#### Stored data:
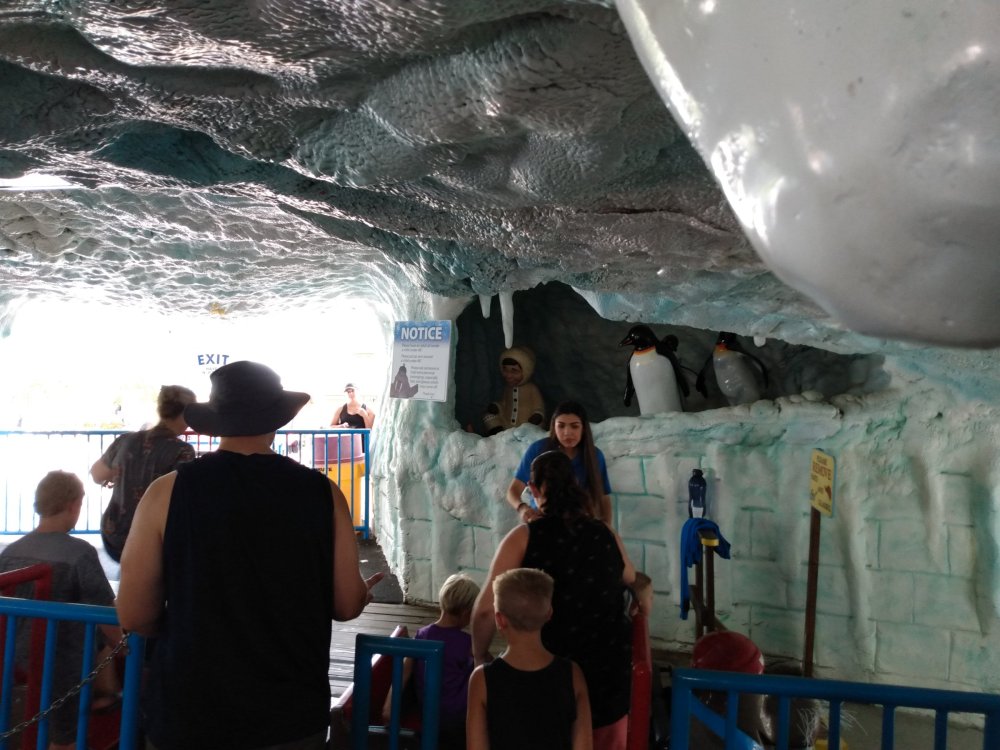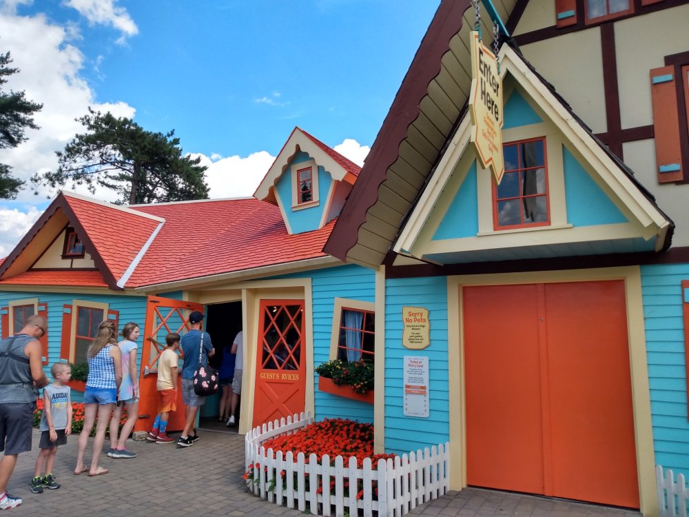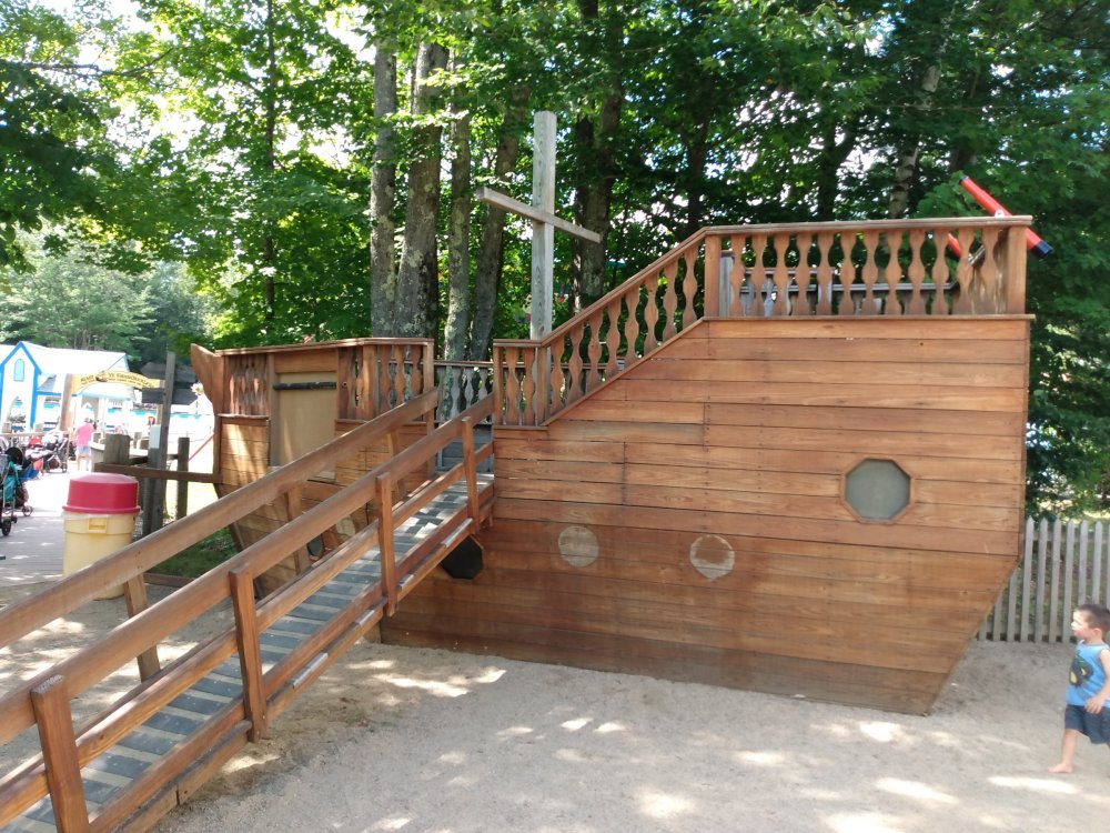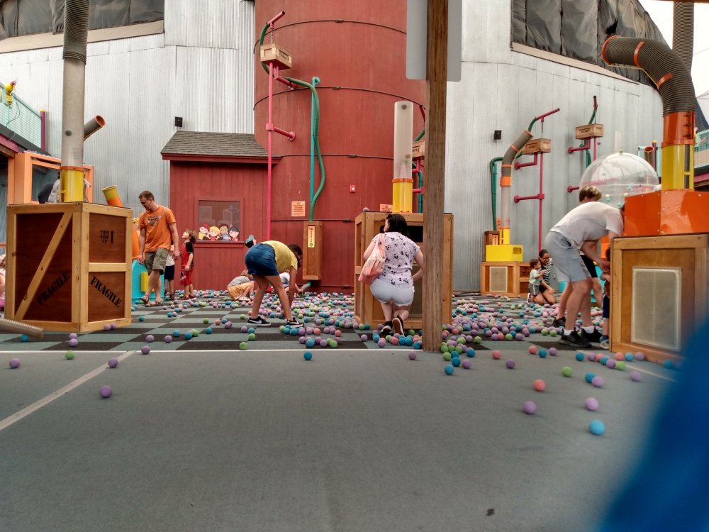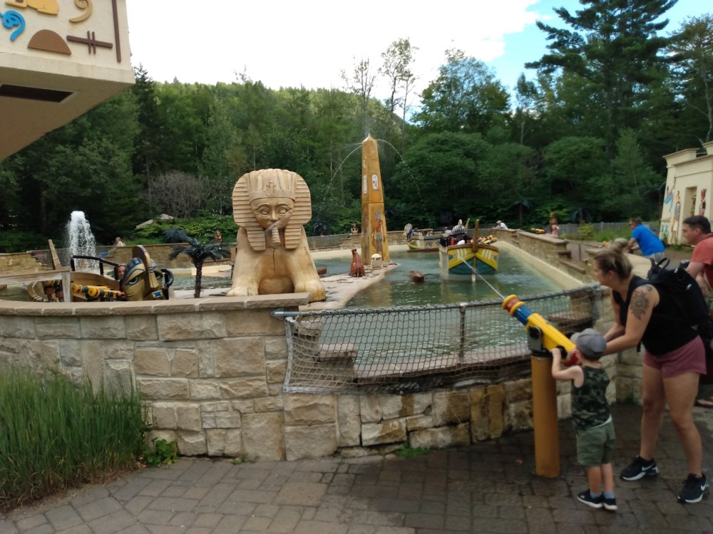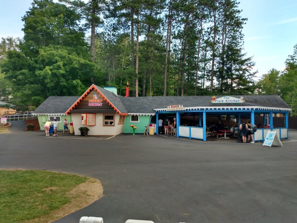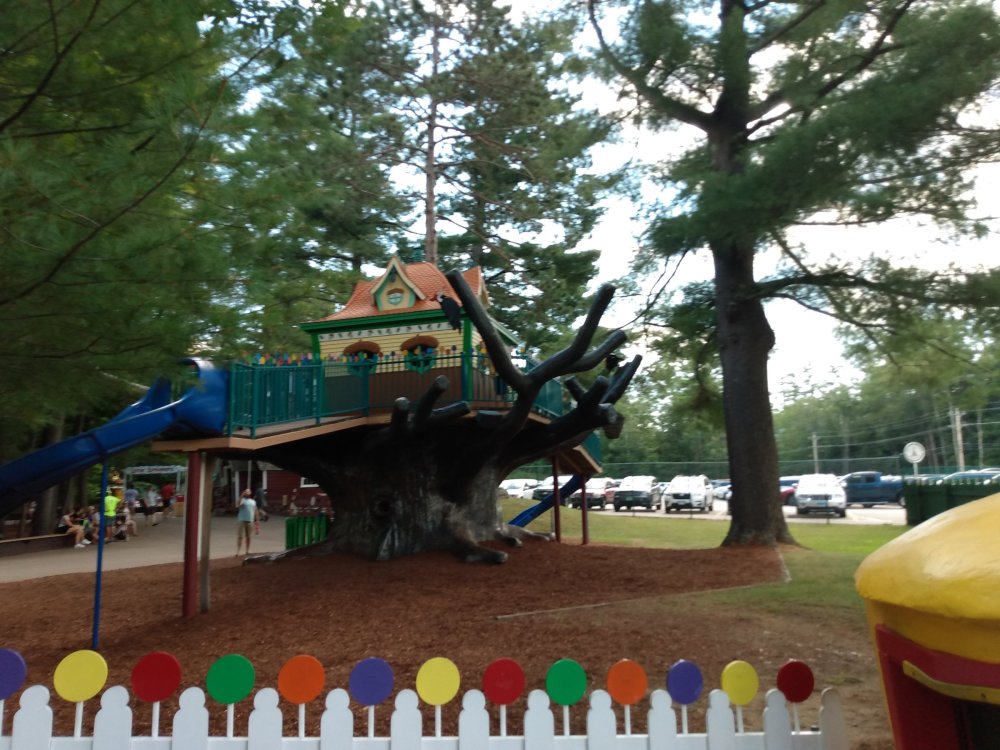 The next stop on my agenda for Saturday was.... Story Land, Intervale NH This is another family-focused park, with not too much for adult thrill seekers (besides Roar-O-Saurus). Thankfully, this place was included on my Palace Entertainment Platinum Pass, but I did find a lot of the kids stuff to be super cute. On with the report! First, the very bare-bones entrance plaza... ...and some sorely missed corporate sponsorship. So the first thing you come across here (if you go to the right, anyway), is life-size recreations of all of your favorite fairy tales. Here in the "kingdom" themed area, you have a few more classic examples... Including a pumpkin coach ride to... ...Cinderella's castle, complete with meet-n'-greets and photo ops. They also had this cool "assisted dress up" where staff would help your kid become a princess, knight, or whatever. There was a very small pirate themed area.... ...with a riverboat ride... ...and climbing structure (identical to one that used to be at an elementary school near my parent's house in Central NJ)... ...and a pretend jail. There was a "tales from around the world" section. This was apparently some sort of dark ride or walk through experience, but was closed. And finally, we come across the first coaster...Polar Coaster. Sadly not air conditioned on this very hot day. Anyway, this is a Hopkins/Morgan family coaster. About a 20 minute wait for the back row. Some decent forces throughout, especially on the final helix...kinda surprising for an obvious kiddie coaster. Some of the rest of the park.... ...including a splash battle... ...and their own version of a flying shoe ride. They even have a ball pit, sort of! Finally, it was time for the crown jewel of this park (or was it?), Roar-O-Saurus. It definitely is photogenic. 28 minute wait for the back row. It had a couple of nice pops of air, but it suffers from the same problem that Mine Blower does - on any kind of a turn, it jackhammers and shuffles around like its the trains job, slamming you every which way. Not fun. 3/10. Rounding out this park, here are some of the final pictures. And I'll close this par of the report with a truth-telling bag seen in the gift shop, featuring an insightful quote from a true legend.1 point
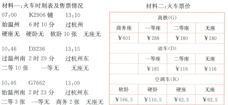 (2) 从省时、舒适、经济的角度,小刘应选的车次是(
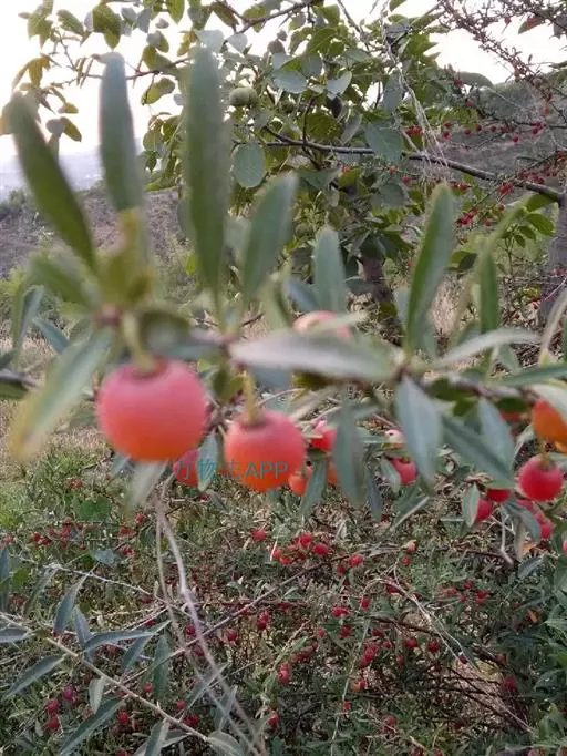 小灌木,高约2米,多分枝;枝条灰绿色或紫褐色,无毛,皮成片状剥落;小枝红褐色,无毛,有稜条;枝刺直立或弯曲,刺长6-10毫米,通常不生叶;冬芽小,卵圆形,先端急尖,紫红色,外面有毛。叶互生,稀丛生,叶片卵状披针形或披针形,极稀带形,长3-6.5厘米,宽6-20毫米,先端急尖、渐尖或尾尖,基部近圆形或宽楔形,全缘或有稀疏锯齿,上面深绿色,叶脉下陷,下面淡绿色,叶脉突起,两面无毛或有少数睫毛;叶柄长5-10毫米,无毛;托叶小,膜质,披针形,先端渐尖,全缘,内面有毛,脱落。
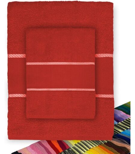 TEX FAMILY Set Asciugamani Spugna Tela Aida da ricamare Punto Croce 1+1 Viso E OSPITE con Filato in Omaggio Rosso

#### What the task requires:
Before you finish, make sure every line above has been repeated exactly and no picture remains in the copy.

#### Response to the task:
 The next stop on my agenda for Saturday was.... Story Land, Intervale NH This is another family-focused park, with not too much for adult thrill seekers (besides Roar-O-Saurus). Thankfully, this place was included on my Palace Entertainment Platinum Pass, but I did find a lot of the kids stuff to be super cute. On with the report! First, the very bare-bones entrance plaza... ...and some sorely missed corporate sponsorship. So the first thing you come across here (if you go to the right, anyway), is life-size recreations of all of your favorite fairy tales. Here in the "kingdom" themed area, you have a few more classic examples... Including a pumpkin coach ride to... ...Cinderella's castle, complete with meet-n'-greets and photo ops. They also had this cool "assisted dress up" where staff would help your kid become a princess, knight, or whatever. There was a very small pirate themed area.... ...with a riverboat ride... ...and climbing structure (identical to one that used to be at an elementary school near my parent's house in Central NJ)... ...and a pretend jail. There was a "tales from around the world" section. This was apparently some sort of dark ride or walk through experience, but was closed. And finally, we come across the first coaster...Polar Coaster. Sadly not air conditioned on this very hot day. Anyway, this is a Hopkins/Morgan family coaster. About a 20 minute wait for the back row. Some decent forces throughout, especially on the final helix...kinda surprising for an obvious kiddie coaster. Some of the rest of the park.... ...including a splash battle... ...and their own version of a flying shoe ride. They even have a ball pit, sort of! Finally, it was time for the crown jewel of this park (or was it?), Roar-O-Saurus. It definitely is photogenic. 28 minute wait for the back row. It had a couple of nice pops of air, but it suffers from the same problem that Mine Blower does - on any kind of a turn, it jackhammers and shuffles around like its the trains job, slamming you every which way. Not fun. 3/10. Rounding out this park, here are some of the final pictures. And I'll close this par of the report with a truth-telling bag seen in the gift shop, featuring an insightful quote from a true legend.1 point
 (2) 从省时、舒适、经济的角度,小刘应选的车次是(
 小灌木,高约2米,多分枝;枝条灰绿色或紫褐色,无毛,皮成片状剥落;小枝红褐色,无毛,有稜条;枝刺直立或弯曲,刺长6-10毫米,通常不生叶;冬芽小,卵圆形,先端急尖,紫红色,外面有毛。叶互生,稀丛生,叶片卵状披针形或披针形,极稀带形,长3-6.5厘米,宽6-20毫米,先端急尖、渐尖或尾尖,基部近圆形或宽楔形,全缘或有稀疏锯齿,上面深绿色,叶脉下陷,下面淡绿色,叶脉突起,两面无毛或有少数睫毛;叶柄长5-10毫米,无毛;托叶小,膜质,披针形,先端渐尖,全缘,内面有毛,脱落。
 TEX FAMILY Set Asciugamani Spugna Tela Aida da ricamare Punto Croce 1+1 Viso E OSPITE con Filato in Omaggio Rosso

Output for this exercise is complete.